Date - Heure / Date - Hour
Date(s) - 17/04/2018
10h30 - 12h30
Emplacement / Location
ENAC, Building Breguet, Amphi Breguet
Ballstering : a clustering algorithm for large datasets.
Ballstering belongs to the machine learning methods that aim to group in classes a set of objects that form the studied dataset, without any knowledge of true classes within it. This type of methods, of which k-means is one of the most famous representative, are named clustering methods. Recently, a new clustering algorithm “Fast Density Peak Clustering” (FDPC) has aroused great interest from the scientiﬁc community for its innovating aspect and its eﬃciency on non-concentric distributions. However this algorithm showed a such complexity that it can’t be applied with ease on large datasets. Moreover, we have identiﬁed several weaknesses that impact the quality results and the presence of a general parameter dc, diﬃcult to choose while having a signiﬁcant impact on the results. In view of those limitations, we reworked the principal idea of FDPC in a new light and modiﬁed it successively to ﬁnally create a distinct algorithm that we called Ballstering.
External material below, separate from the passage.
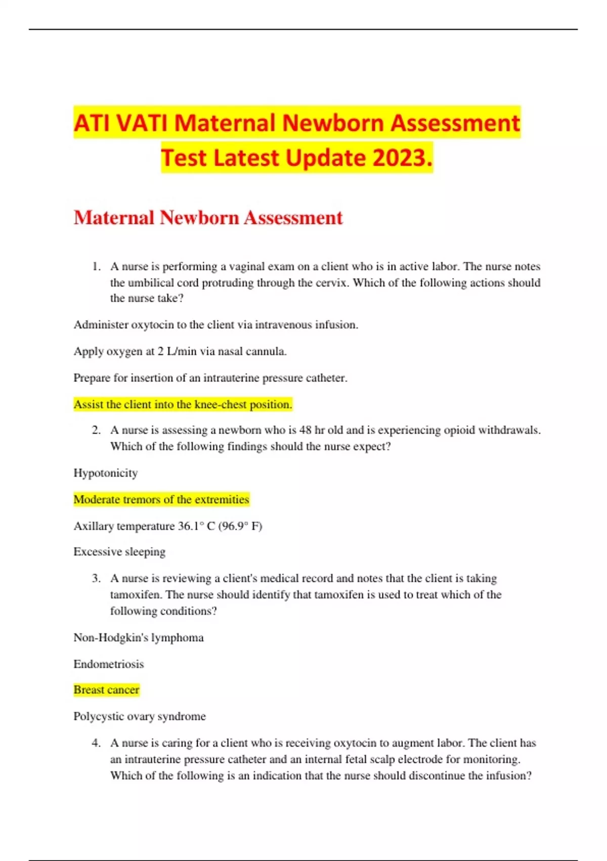 ATI VATI Maternal Newborn Assessment Test Latest Update 2023. 1. A nurse is performing a vaginal exam on a client who is in active labor. The nurse notes the umbilical cord protruding through the cervix. Which of the following actions should the nurse take? Administer oxytocin to the client via intravenous infusion. Apply oxygen at 2 L/min via nasal cannula. Prepare for insertion of an intrauterine pressure catheter. Assist the client into the knee-chest position. 2. A nurse is assessing a newborn who is 48 hr old and is experiencing opioid withdrawals. Which of the following findings should the nurse expect? Hypotonicity Moderate tremors of the extremities Axillary temperature 36.1° C (96.9° F) Excessive sleeping 3. A nurse is reviewing a client's medical record and notes that the client is taking tamoxifen. The nurse should identify that tamoxifen is used to treat which of the following conditions? Non-Hodgkin's lymphoma Endometriosis Breast cancer Polycystic ovary syndrome 4. A nurse is caring for a client who is receiving oxytocin to augment labor. The client has an intrauterine pressure catheter and an internal fetal scalp electrode for monitoring. Which of the following is an indication that the nurse should discontinue the infusion? Contraction frequency every 3 min Contraction duration of 100 seconds Fetal heart rate with moderate variability Fetal heart rate of 118/min 5. A nurse providing dietary teaching for a client who is at 29 weeks of gestation and has phenylketonuria. Which of the following suggested foods should the nurse include in the teaching? A peanut butter sandwich on wheat bread A sliced apple and red grapes A chocolate chip cookie with a glass of skim milk A scrambled egg with cheddar cheese
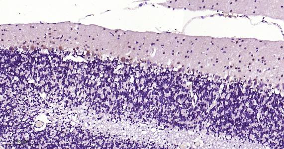 Paraformaldehyde-fixed, paraffin embedded Rat Cerebellum; Antigen retrieval by boiling in sodium citrate buffer (pH6.0) for 15 min; Antibody incubation with NGF Monoclonal Antibody, Unconjugated(bsm-52362R) at 1:200 overnight at 4°C, followed by conjugation to the bs-0295G-HRP and DAB (C-0010) staining.

The work carried out during those three years can be summarised by the conception of this clustering algorithm especially designed to be eﬀective on large datasets. As its Precursor, Ballstering works in two phases: An estimation density phase followed by a clustering step. Its conception is mainly based on a procedure that handle the ﬁrst step with a lower complexity while avoiding at the same time the diﬃcult choice of dc , which becomes automatically deﬁned according to local density. We name ICMDW this procedure which represent a consistent part of our contributions. We also overhauled cores deﬁnitions of FDPC and entirely reworked the second phase (relying on the graph structure of ICMDW’s intermediate results), to ﬁnally produce an algorithm that overcome all the limitations that we have identiﬁed.
Vincent Courjault-Radé, ENAC, DEVI, Toulouse, France.